Microplastics and Manta Rays in Indonesia with Dr. Elitza Germanov and Janis Argeswara.
Dr. Elitza (Ellie) Germanov, a Senior Scientist at MMF, is a world expert on manta rays and ocean pollution. She started the Microplastics and Megafauna project in Indonesia as part of her PhD work, which studied the impact of the smallest plastics on the largest marine animals. Janis Argeswara joined the project as a Research Assistant in 2018 and is now leading a project on the reproductive ecology of manta rays. I talked to them from their research base on Nusa Lembongan, off Bali’s southeast coast. SJP
How did the Indonesian microplastics project begin?
EG: Manta research was developed here by our colleagues, Peter Bassett and Helen Mitchell, who had trained with MMF over in Mozambique. They moved to Lembongan in 2012 and started a great citizen science program focused on the mantas seen at the dive and snorkel sites over at Nusa Penida, a larger nearby island. I was working over in Komodo National Park, and we found that some manta rays were swimming the ~450 km between these two Marine Protected Areas. When I started my PhD on plastic pollution, Helen and Peter suggested that I should come over to Lembongan to work with them. They sent me a couple of horrific photos of mantas feeding amidst plastic off Nusa Penida during the rainy season. I was seeing plastics in Komodo too, but nothing I’d seen was as bad as that.
Why is ocean plastic pollution so bad around Bali?
EG: Nusa Penida is located in the Lombok Strait, where the Indonesian Throughflow current moves water from the Pacific Ocean to the Indian Ocean. There’s a lot of water moving past Nusa Penida, and it brings plastic and other trash right down from China and the Philippines. Manta rays like to feed around Nusa Penida because the island's points create eddies in the flow, which concentrate the zooplankton the mantas feed on into the bays. With so much plastic now being transported, this is being concentrated around the island too, which makes it unavoidable for the mantas.
That said, we do see a lot of local plastic as well. Bali has a dense population, and during the Indonesian rainy season we see over 20x more plastic at Nusa Penida than during the mid-year dry season. It's common for villages to just bring their waste close to the riverbank and burn it but, if the river overflows during heavy rain, that flushes the waste right down to the mantas at Nusa Penida.
What sort of plastic pollution are you seeing?

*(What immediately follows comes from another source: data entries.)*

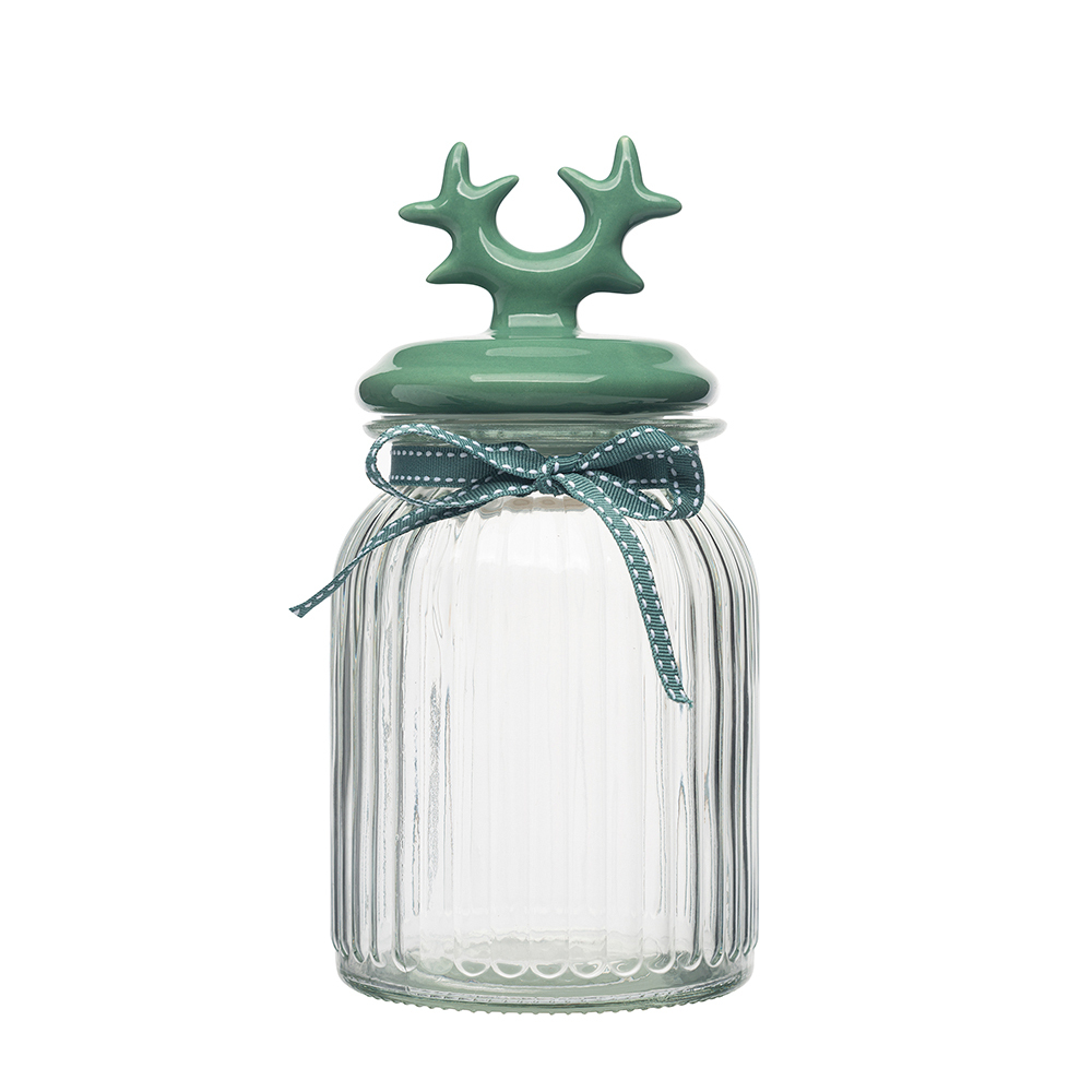 KONTEJNER RELIEF S KERAMICKÝM VÍČKEM ZELENÉ ROHY 900ML
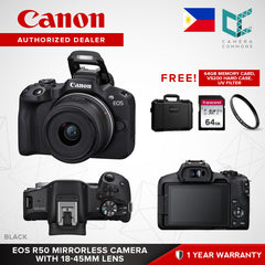 Canon EOS R50 Mirrorless Camera with 18-45mm Lens Black White APS-C 4K 30p DIGIC X Vertical Movie Mode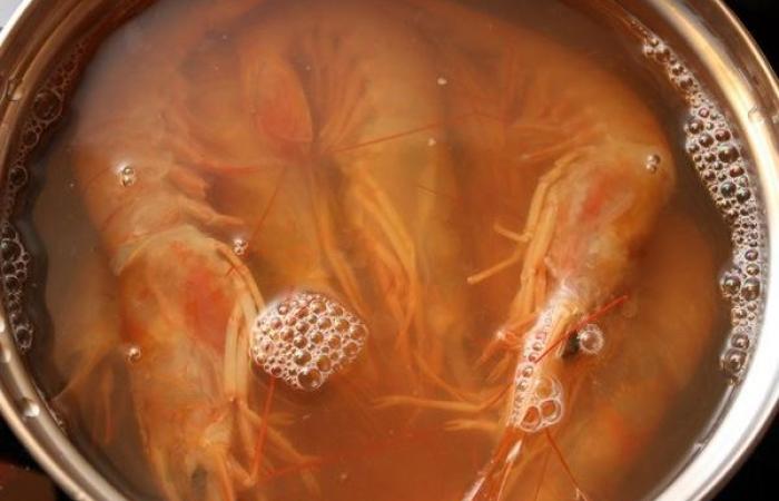 6Креветки достаем из бульона, а сам бульон процеживаем. Креветки очищаем от панциря.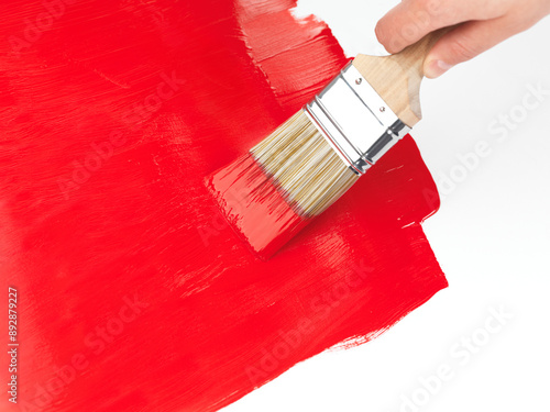 Red Paint patch and a paint Brush. Paints, home renovation, painter's services concept.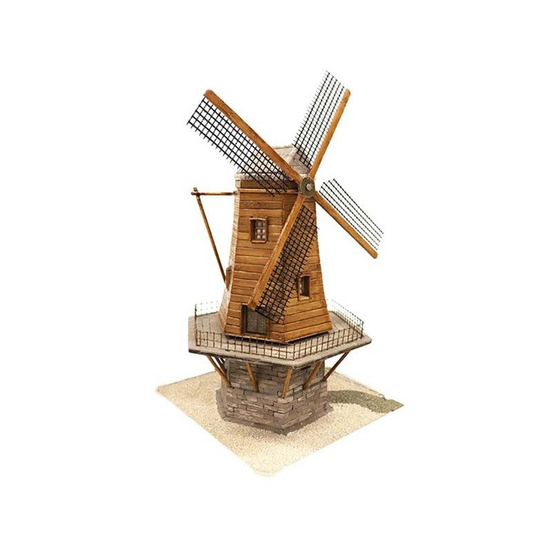 Kit de construcción a escala 1:76 de un molino holandés. Incluye piezas de cerámica, madera, plástico y material decorativo para la base.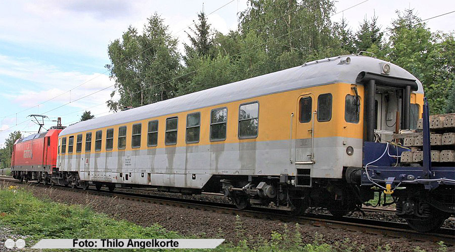 | 19.Oktober 2009 - 120 502 (in gelb >>KLICK) mit RAILab durch Lintorf Fahrtrichtung Düsseldorf. RAILab steht für Rollendes Analyse- und Inspektionslabor, von denen der DB zur Zeit zwei zur Verfügung stehen. DB Systemtechnik überprüft mit diesen Messzügen die Gleisgeometrie auf Unregelmässigkeiten. |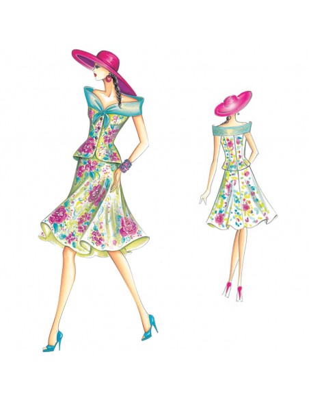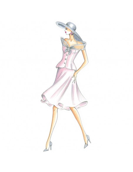Giacchina in raso jacquard di linea attillata con romantica scollatura a stola realizzata in organza e annodata al centro.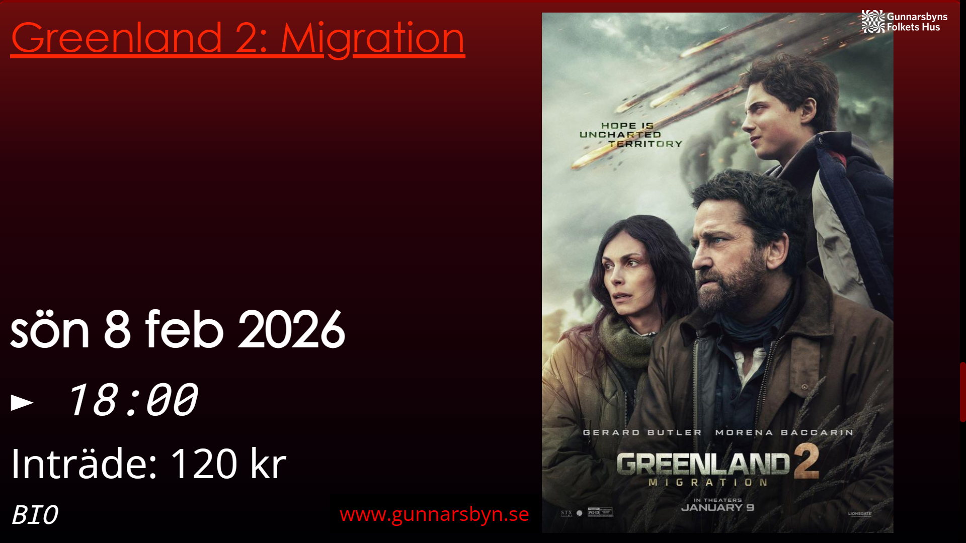 Bio: Greenland 2: Migration Inträde: 120 kr Se hela programmet på https://www.gunnarsbyn.se/ + Lägg till i Google Kalender + iCal / Outlook export 00 dagar 00 timmar 00 minuter 00 sekunder Datum 08 feb 2026 Tid 18:00 Platser Folkets Hus, Gunnarsbyn Gunnarsbyn Arrangör Folkets Hus Gunnarsbyn E-post fhgbyn@gmail.com Webbplats https://www.facebook.com/folketshusgunnarsbyn Dela det här evenemanget

EG: Most of the identifiable trash, where we can see and read the labels, is Indonesian. We see a mix of consumer products, like plastic packaging for soaps, shampoos, and fast food, along with clear plastic bags that are commonly used in fisheries. Small-scale fishers will take these plastic tubes, fill them with ice, and bring them onboard the boats to keep their fish cold. Those tubes are very recognizable due to their shape. They're widely used in Indonesia, and likely in other countries to the north of us as well, so they could be coming from anywhere.
JA: Some of the recognizable waste is very old too – perhaps from the late 1990s – which illustrates the fundamental problem: plastics last in the environment for a really long time.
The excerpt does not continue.